In fact, she has only dealt with marine heat waves relatively briefly -- on an academic excursion, so to speak. After a postdoc at Princeton University, the oceanographer was offered another postdoc position at the University of Bern. This was in the research group led by Thomas Frölicher, who has been working on ocean heat waves for some time. But Charlotte Laufkötter was actually in the starting blocks for setting up her own group. The topic: marine plastic pollution.
She bet on this research area when applying for a grant from the Swiss National Science Foundation (SNSF). Her reasoning: Although the topic is highly relevant to society, only a few researchers are working on it. To a certain extent, this is a unique selling point -- an advantage that shouldn’t be underestimated in the highly competitive academic job market. Charlotte Laufkötter's track record and her topic were convincing: In 2018, she received a coveted Ambizione fellowship from the SNSF. It runs for four years and allows her to set up her own small research group.

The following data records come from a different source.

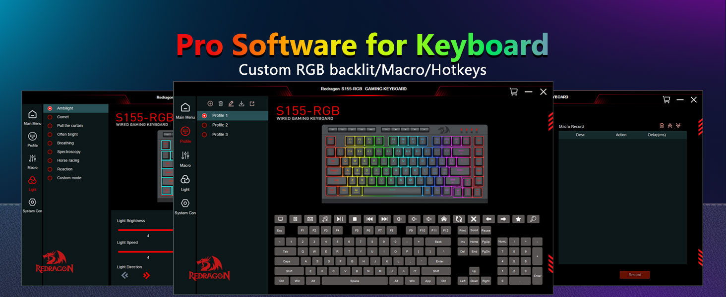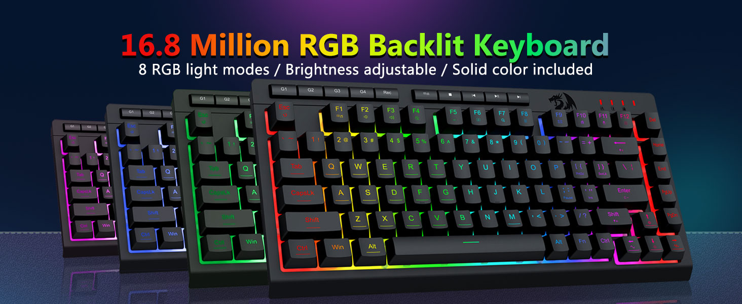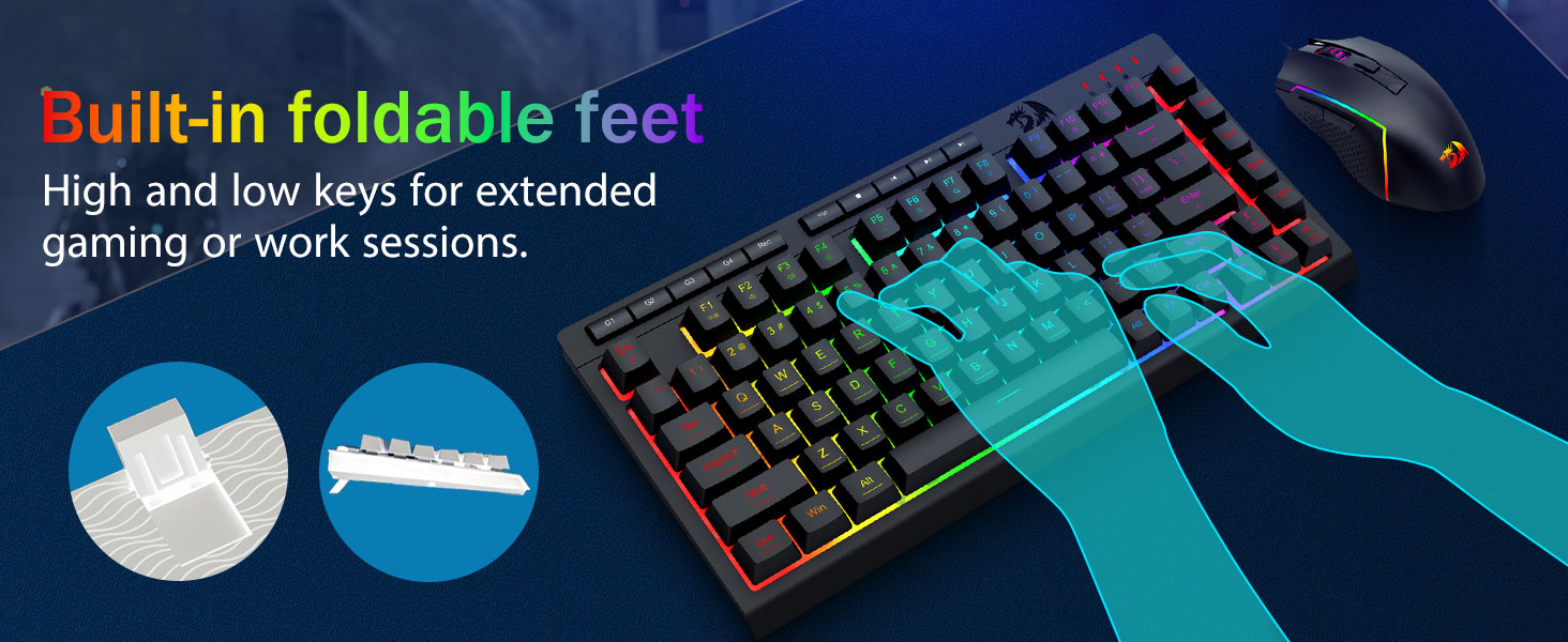 【لوحة مفاتيح وماوس ألعاب RGB】تحتوي لوحة مفاتيح الألعاب على 8 أوضاع إضاءة RGB للاختيار من بينها، كما يحتوي ماوس الألعاب على 8 تأثيرات إضاءة للتبديل بينها، ويمكن تعديل لوحة المفاتيح للحصول على 4 مستويات من السرعة والسطوع لتناسب تفضيلاتك. توفر أغطية المفاتيح إضاءة خلفية موحدة واضحة. سواء كانت المجموعة عبارة عن ضوء واحد أو تأثيرات ضوئية متغيرة أو بدون ضوء على الإطلاق، فإن لوحة مفاتيح وماوس الألعاب Redragon سوف تلبي احتياجاتك!
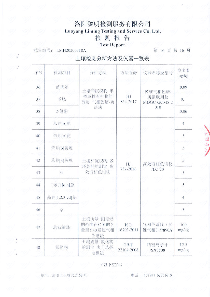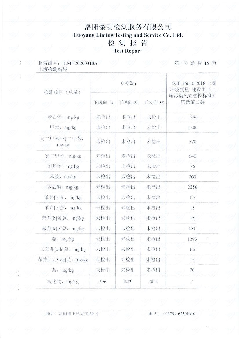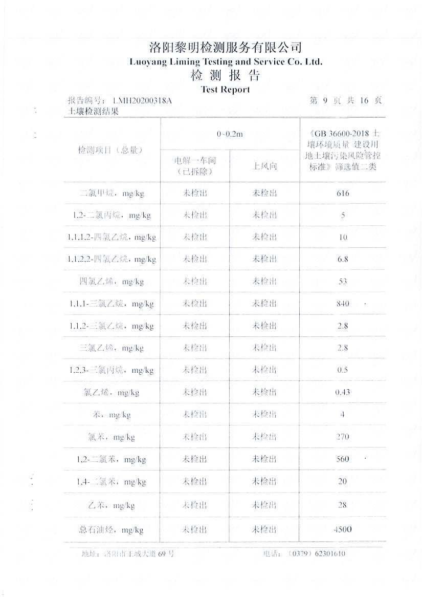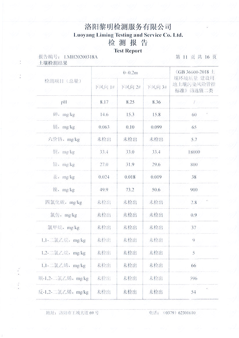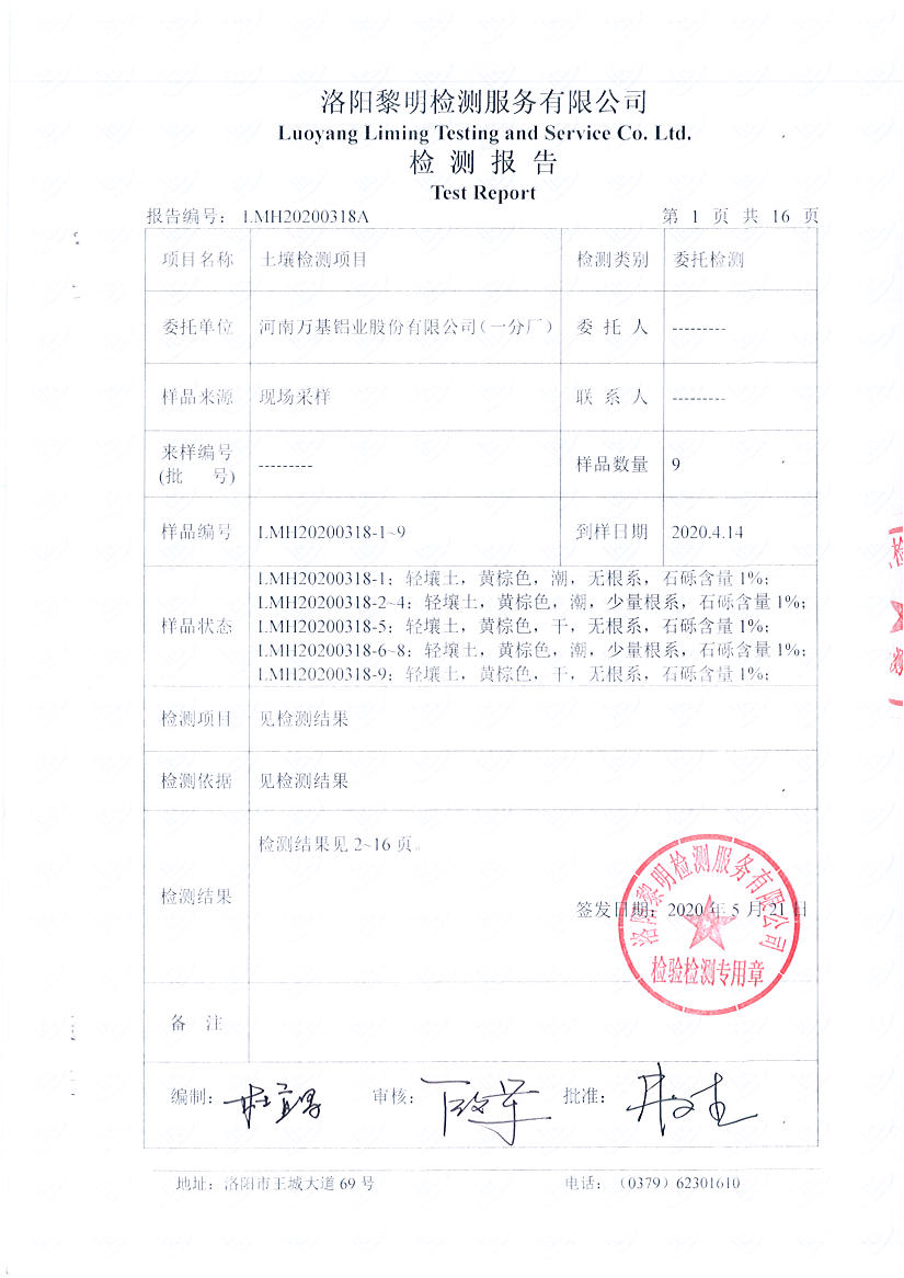 河南萬(wàn)基鋁業(yè)股份有限公司(一分廠)2020土壤自行檢測(cè)報(bào)告
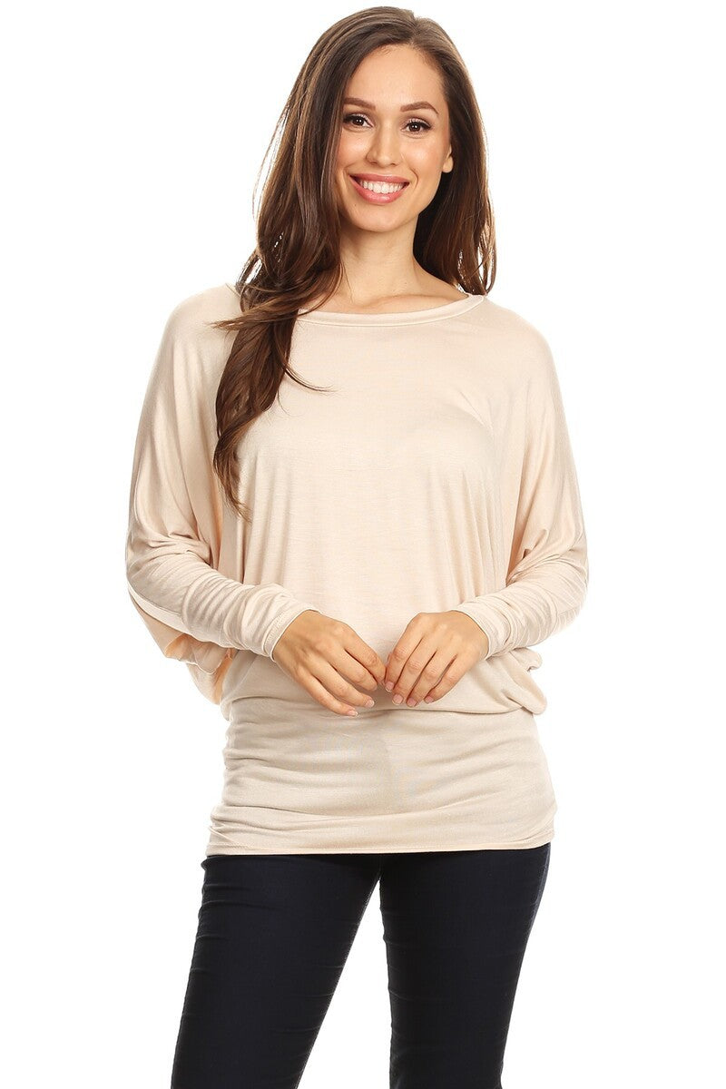 Solid jersey knit dolman top with boat neckline and long sleeves and tapered bottom *Approx: Length: 27in, Bust: 37in,Sleeve: 18in, Shoulder: 18in *Size based on SMALL
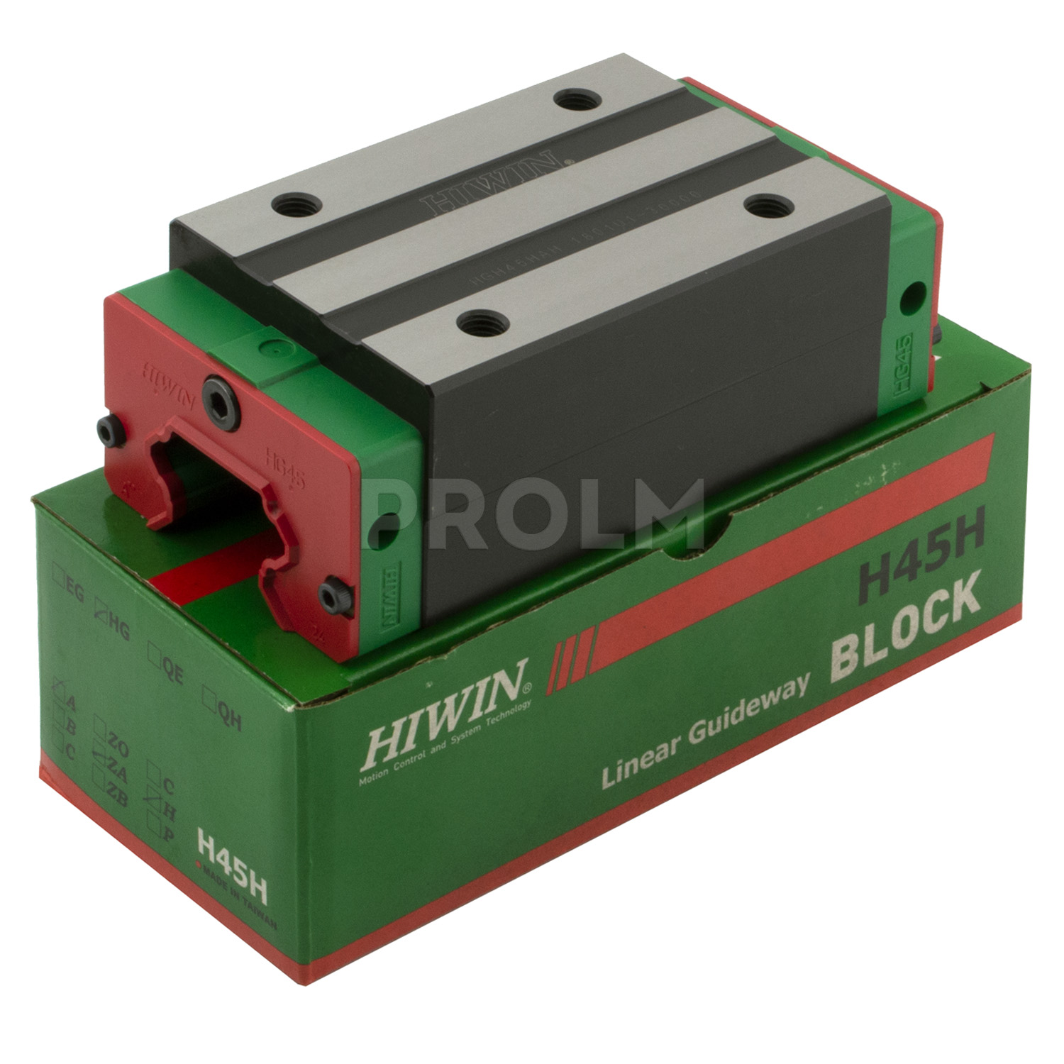 Каретка (также могут использоваться названия "блок системы линейного перемещения", "опорный блок", "направляющий блок", "танкетка", "линейный подшипник", "опорный подшипник" и прочие) HIWIN HGH45HAZ0H имеет следующие параметры:
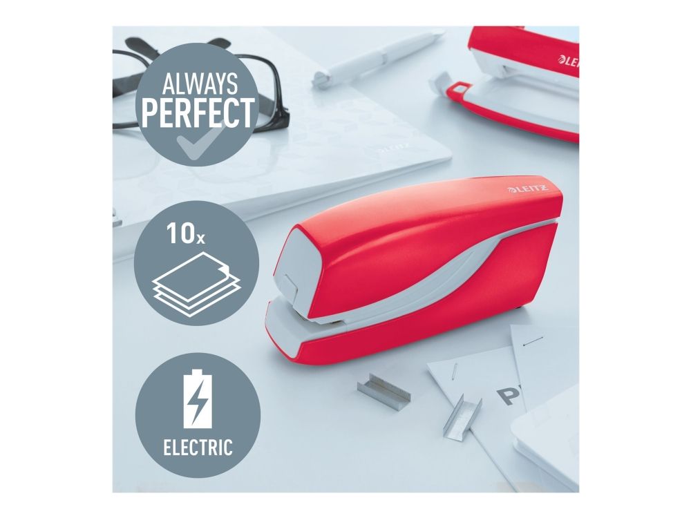 Leitz NeXXt WOW - Elektrisk häftapparat - 10 ark / 1 mm - E1 - plast, metall - röd
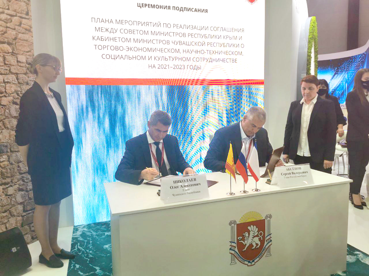 Кроме того, Глава Чувашской Республики Олег Николаев и Глава Республики Крым Сергей Аксёнов утвердили трехлетний план мероприятий по реализации ранее принятого соглашения о торгово-экономическом, научно-техническом, социальном и культурном сотрудничестве.
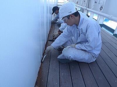 船体手入れ中です。(帰り航海は船体を綺麗にして帰ります)
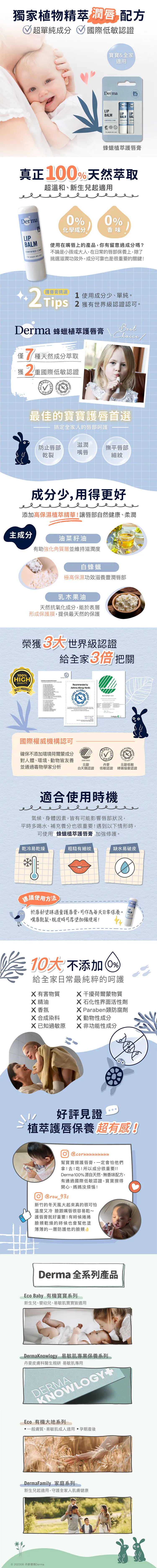 Derma小燭樹植萃護唇膏擁有北歐人體低害與環保國際認證

And to anyone who now thinks that Charlotte Laufkötter is only dealing with plastic waste because it was a hot topic: "I wouldn't deal with subjects that don't interest me personally and that don't seem relevant to me," she says. The ambitious researcher also sees scientific freedom as a kind of compensation. "At this stage, my career is very uncertain and requires a lot of sacrifices -- that has to be offset somehow!"
The modeler has long been planning the next step on the path that will one day lead to a permanent position as a professor -- if all goes well. She has applied to the European Research Council (ERC), the EU institution for funding outstanding scientists, as well as the SNSF's Eccellenza program, which funds SNSF professorships. Both proposals focus on the biological carbon cycle in the ocean. In a nutshell, Charlotte Laufkötter wants to better understand the transport of organic material, especially carbon, into the deep ocean. To do this, she plans to use data from the Argo mobile observing system of the world's oceans. It consists of a fleet of around 4,000 automated drifting buoys that measure temperature, salinity and currents. Increasingly, chemical and biological components are also being observed. Charlotte Laufkötter wants to combine this part of the so-called Argo-float data with models for her basic research.
Back to the child who imagined the sea. The dreamy enthusiasm of that time has given way to a very concrete passion. "What fascinates me so much about the ocean: It's all three-dimensional and is also influenced by the currents. You always have to think about the context there." Charlotte Laufkötter likes things that are complex rather than simple. She’s interested in the big picture rather than the details.